The Sea Bat (1930)
7/10
Before "Jaws", there was "Manta!"
5 April 2019
Warning: Spoilers
A very enjoyable early talkie melodrama , this West Indies adventure yarn combines some gorgeous tropical photography with a religious spin involving minister Charles Bickford trying his best to reform temperamental native Raquel Torres who has a body for sin and a desire for life any way she can get it. She is surviving the loss of her brother (Nils Asther) who was brutally killed by the giant manta ray after the envious John Miljan cut his line while Asther was exploring the coral reefs. Bickford, a sermonless minister, arrives for an agenda of his own, and like Walter Huston in "Rain", finds himself obsessed with reforming Torres. although he doesn't go as far as Huston did with Joan Crawford. Miljan takes things too far by intending to feed Bickford to the huge "sea bat", and this leads to a chilling conclusion where the size of this true sea monster is revealed.

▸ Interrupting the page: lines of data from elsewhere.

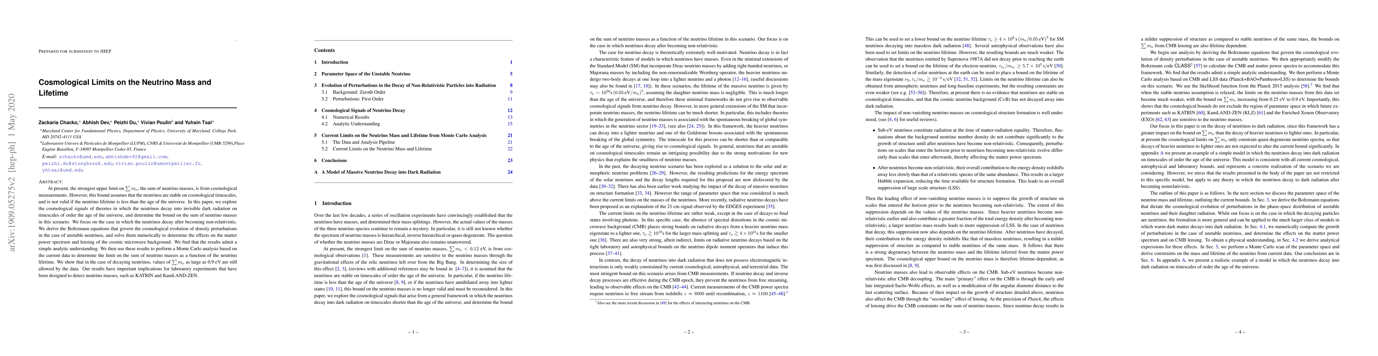This paper investigates the cosmological implications of neutrinos that decay into dark radiation, determining the sum of neutrino masses under such scenarios. It finds that decaying neutrinos allow for a sum of masses up to 0.9 eV, challenging current upper limits and impacting experiments like KATRIN and KamLAND-ZEN.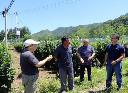 怀柔区汤河口镇通过发展庄户沟门、汤河口等村500亩大榛子种植,形成了一道亮丽的生态风景线。眼下正值榛子生长茂盛的季节,据了解,开春时节,在做好疫情防控的前提下,农户们对树苗进行松土、除草、浇灌等工作,正是在他们的精心照料下,成片的榛子树长势喜人,蔚为壮观。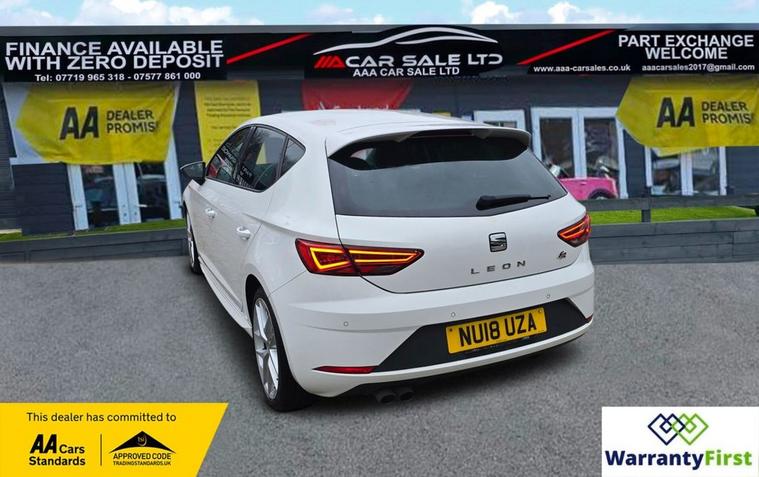 **AAA CAR SALES DARLINGTON LTD HAVE THE PLEASURE TO PRESENT THIS SEAT LEON 1.4 TSI FR Technology Hatchback 5dr Petrol Manual Euro 6 (s/s) (125 ps) WHITE PAINTWORK.. TIMING BELT & WATERPUMP REPLACED DEC 2025 @ 72K.... SERVICE HISTORY = 6K, 14K, 18K, 30K, 38K AND A SERVICE BY OUR TEAM AT 72K....2 KEYS +12 MONTHS AA COVER, 2 KEYS, ALL OUR CARS GO THROUGH 72 POINT INSPECTION, ALL OF OUR CARS COME WITH 12 MONTHS AA BREAKDOWN COVER, FRESH MOT WITHOUT ADVISORIES, INTERIM SERVICE ** HPI CHECKED VIA EXPERIAN, 3 MONTHS WARRANTY WITH THE OPTION TO UPGRADE **AUTOTRADER CUSTOMER SERVICE AWARD 2019, 2020, 2021, 2022, 2023 & 2024 YEAR ON YEAR***, WE ARE OPEN 7 DAYS A WEEK FOR YOUR CONVIENIENCE, CALL 01325950841, visit our website dealer's website CAN BUY WITH FULL CONFIDENCE FROM AAA CARS CHECK OUR AUTOTRADER REVIEWS FOR FULL PEACE OF MIND,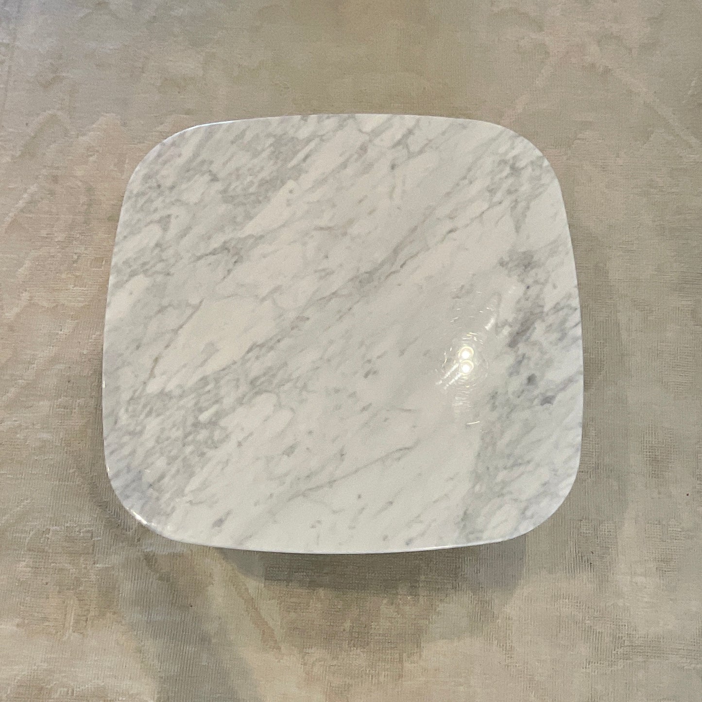 Handcrafted from smooth Carrara marble, this refined mod-ish coffee table infuses glamour into any living space. The simple, minimal central pedestal is made of Epoxy white lacquered steel, while the table top is made of 20mm-thick light grey-veined white Carrara marble, with a beautifully bevelled edge. The marble is protected against certain types of stains with a water-repellent treatment.
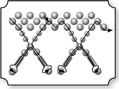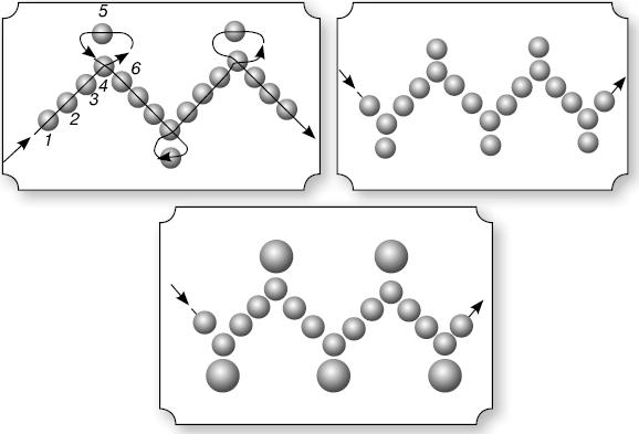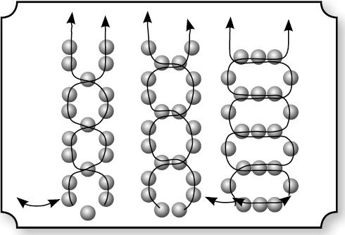 Вариантов соединения цепочек очень много. Их можно соединять по всей длине или через определенные промежутки, закрепляя нить, а затем вплетая ее вновь либо двигаясь через крайние бисерины цепочек и набирая на нить бисер, соединяющий ряды (рис. 32).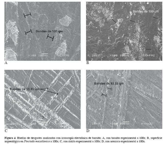 Con base en ello, las huellas de manufactura resultantes fueron comparadas tanto macroscópica como microscópicamente con el material arqueológico. El empleo del microscopio electrónico de barrido (MEB) modelo JEOL JSM6460LV en el segundo proyecto ha ofrecido los mejores resultados para poder distinguir las características morfológicas de la superficie de los materiales: topología, rugosidad, porosidad y tamaño de las partículas que los constituyen. A su vez, para llevar a cabo las comparaciones entre las diferentes muestras, las micrografías fueron obtenidas empleando los mismos parámetros (modo HV, haz de 45, voltaje de 20kv y distancia de 10mm) y observadas en 4 amplificaciones: 100x, 300x, 600x y 1000x (Velázquez, 2004). Asimismo, para agilizar el análisis, en dicho proyecto se realizan réplicas en polímeros, lo cual permite ingresar varias modificaciones a la vez (hasta 20). Con ello han podido obtenerse huellas de piezas que superan el tamaño de la cámara de muestreo, mayores a 10 cm, o de algunas modificaciones de difícil observación, como las paredes internas de las perforaciones. Esta técnica ha permitido incursionar en el estudio de la eficacia de las herramientas y los tiempos invertidos en la elaboración de objetos, así como en la identificación de preferencias culturales y tradiciones tecnológicas en diferentes regiones de México (Velázquez et al., 2004; Velázquez y Melgar, 2003).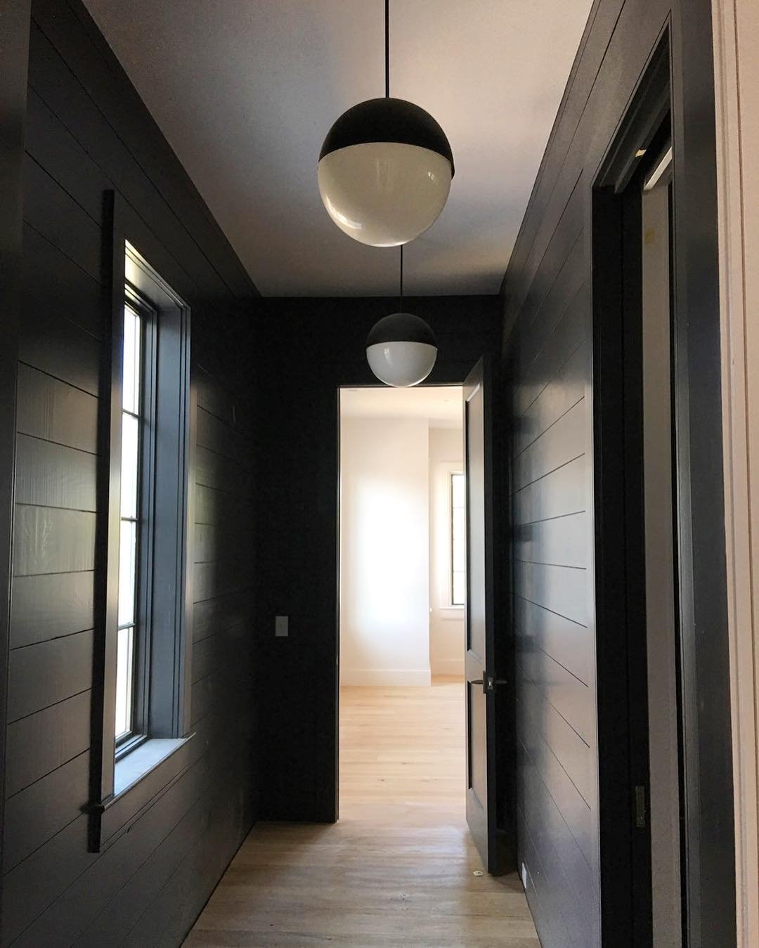 There’s a quiet confidence in this one. Matte black walls, simple paneling, and those globe pendants create a look that feels modern without trying too hard.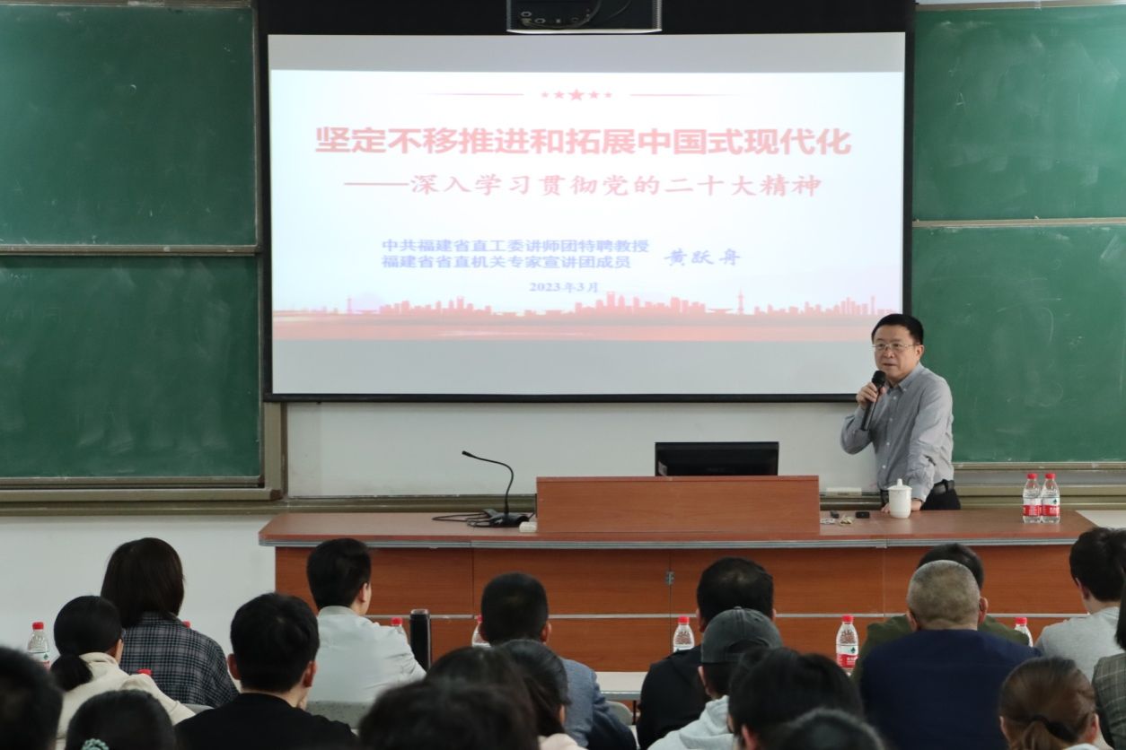3月21日下午,中共福建省直工委讲师团特聘教授、省直机关专家宣讲团成员黄跃舟应邀到公司开展“坚定不移推进和拓展中国式现代化——深入学习贯彻党的二十大精神”专题讲座。z6mg人生就是博部分教师、连江校区“青马”班部分学员、校习近平新时代中国特色社会主义思想读书社部分社员参加学习。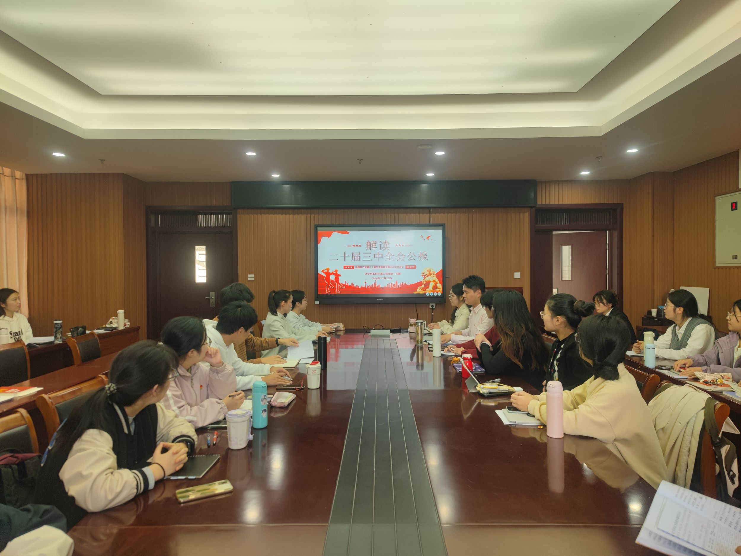 随后,支部书记陶勇就二十届三中全会公报进行了专题解读。从会议提出的“七个聚焦”、进一步全面深化改革的总目标、具体部署,具体解读了会议提出的思想理念。随后,陶勇表示,学习宣传贯彻二十届三中全会精神,是当前和今后一个时期的重要政治任务,支部全体党员同志要提高政治站位,不断深化对党的二十届三中全会精神的理解和认识,将学习成果转化为推动今后学习、工作取得新突破的强大动力和实际行动。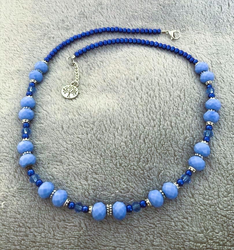 Light Blue Glass With Bead Caps And Dark Blue Small Pearl Seed Beads
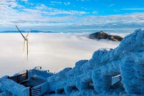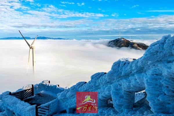 云冰山因地理位置特殊,冷暖空气在处交汇碰撞,每年冬季“雾凇、雪凇、雪景、云海”奇观轮番上阵,持续时间多达一个月左右,素有 “云海秘境、南方雪乡 ”的美誉。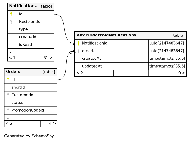 | AfterOrderPaidNotifications_pkey | Primary key | Asc | NotificationId |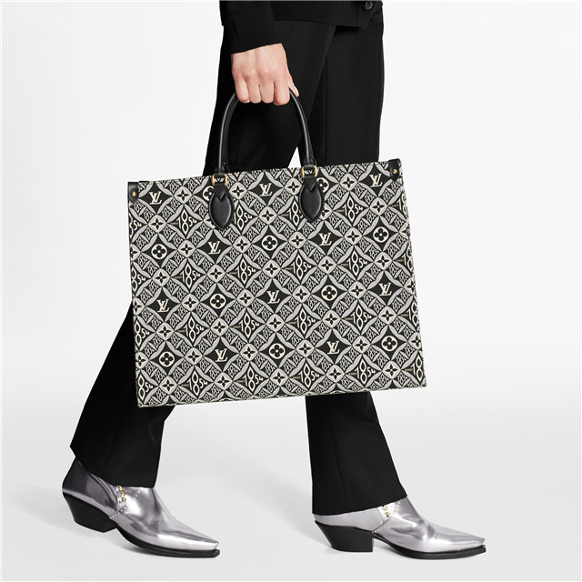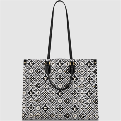 Nicolas Ghesquière brings his new Jacquard Since 1854 textile onto the OnTheGo GM tote. This woven textile is inspired by vintage wallpaper patterns and features Monogram Flowers and the number 1854, the year of the House’s founding. With two sets of handles, long and short, and a spacious interior, this is a versatile everyday bag.

While a bit clunky compared to the standards of films made just a few years later, this has an exotic feel to it, and stands the test of time outside the bounds of just mere curiosity. If you blink, you might miss a youngish Boris Karloff, barely recognizable. Bickford and Torres do display some heat together, and in spite of what could have been a one dimensional part, Torres makes her character likable. Bickford, who could play brutes on screen, is quite understated here. But the best performance is by George F. Marion as Torres' drunken father who in spite of seemingly constant intoxication is quite spiritual. This is enjoyable for its fabulous use of exotic locations and pre-code insinuations of sexual desire. The direction by Wesley Ruggles and Lionel Barrymore apparently went uncredited, but this is pretty much the kind of film where the photographer is really the star behind the scenes, a testament to cinematographer Ira H. Morgan whose career spanned the mid teen's to the late 1950's.